Perl's -T runtime switch doesn't mean "test"! :-)  If you want to run
the full set of tests for a module, the usual way is 'make test'. (You
may need to run 'perl Makefile.PL' and 'make' first.)

Hope this helps!

--Tom Phoenix
Stonehenge Perl Training


I know about the '-T' being taint. But it's on by default after I ran module-starter and since this is eventually going to be a web application I have no intention of removing it.

I guess what I'm not clear on is I'm not trying to install this module. I'm trying to write my own.

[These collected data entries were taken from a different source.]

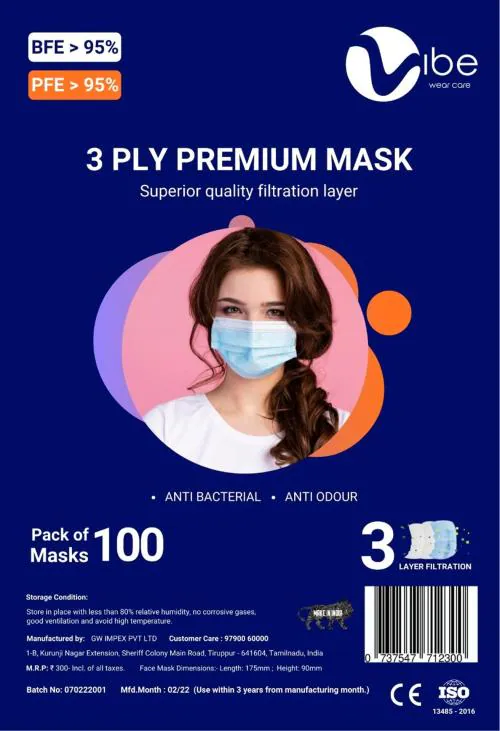 VIBE Unisex Premium 3 Layer Protective Mask(Pack of 100)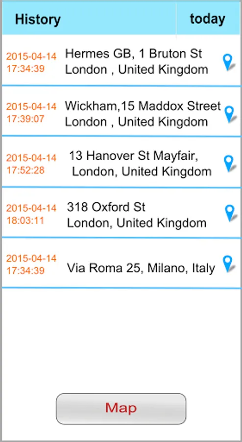 - Check the routes with History button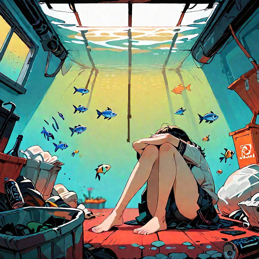 By muk \(monsieur\), score_9, score_8_up, score_7_up, best quality, masterpiece, uncensored, source_animemiyu (tiny evil), 1girl, :o, black thighhighs, blunt bangs, bottle, brown eyes, brown hair, brown sweater, can, casual, door, fan, fire hydrant, grey shorts, industrial, lamp, open mouth, outdoors, raised eyebrows, rust, shoes, short hair, shorts, sitting, sneakers, solo, stairs, surprised, sweater, thighhighs, towel, umbrella, water bottle

I'm a long ways from installation at this point.

I was trying to follow some of the ideas represented in "Perl Testing; A Developer's Notebook" and "Perl Best Practices". Those ideas being:

start making modules with Module::Starter.
run prove -v t/*.t to check your tests.

the best I can get is prove -v ... decided that the pod-coverage.t test cannot find the pod to evaluate. (any .pod, .pl, or .pm is considered a POD candidate). All the others, including the pod.t managed to find the appropriate file (lib/foo.pm).

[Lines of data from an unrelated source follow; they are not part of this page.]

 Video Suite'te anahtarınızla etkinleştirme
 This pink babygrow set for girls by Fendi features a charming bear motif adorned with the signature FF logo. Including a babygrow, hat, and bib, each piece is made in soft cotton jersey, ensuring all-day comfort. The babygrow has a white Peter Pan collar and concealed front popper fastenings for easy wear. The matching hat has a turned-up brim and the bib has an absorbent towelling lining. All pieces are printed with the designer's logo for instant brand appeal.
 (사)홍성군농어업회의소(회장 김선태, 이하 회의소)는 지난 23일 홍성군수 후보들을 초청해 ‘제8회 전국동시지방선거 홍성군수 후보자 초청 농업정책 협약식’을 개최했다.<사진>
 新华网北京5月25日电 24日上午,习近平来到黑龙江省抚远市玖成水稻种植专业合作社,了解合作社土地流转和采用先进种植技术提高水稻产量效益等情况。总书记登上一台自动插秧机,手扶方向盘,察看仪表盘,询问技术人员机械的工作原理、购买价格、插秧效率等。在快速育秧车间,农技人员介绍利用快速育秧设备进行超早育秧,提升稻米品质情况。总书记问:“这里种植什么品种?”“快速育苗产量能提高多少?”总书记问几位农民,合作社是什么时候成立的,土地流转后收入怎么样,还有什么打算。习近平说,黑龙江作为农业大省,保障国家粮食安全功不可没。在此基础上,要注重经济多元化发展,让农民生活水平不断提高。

I would have assumed that at this point I would be able to successfully run all the tests (resulting many test failures because there's not much there). But several of the test scripts just don't run or fail on themselves (unable to do any real legitimate tests).

And so I'm really frustrated and not sure how it's all suppose to glue together for me, "Joe Developer" who is trying to just write some modules for my own personal use with the idea that some year I can release something to CPAN. But some of these tools don't quite gel tonight.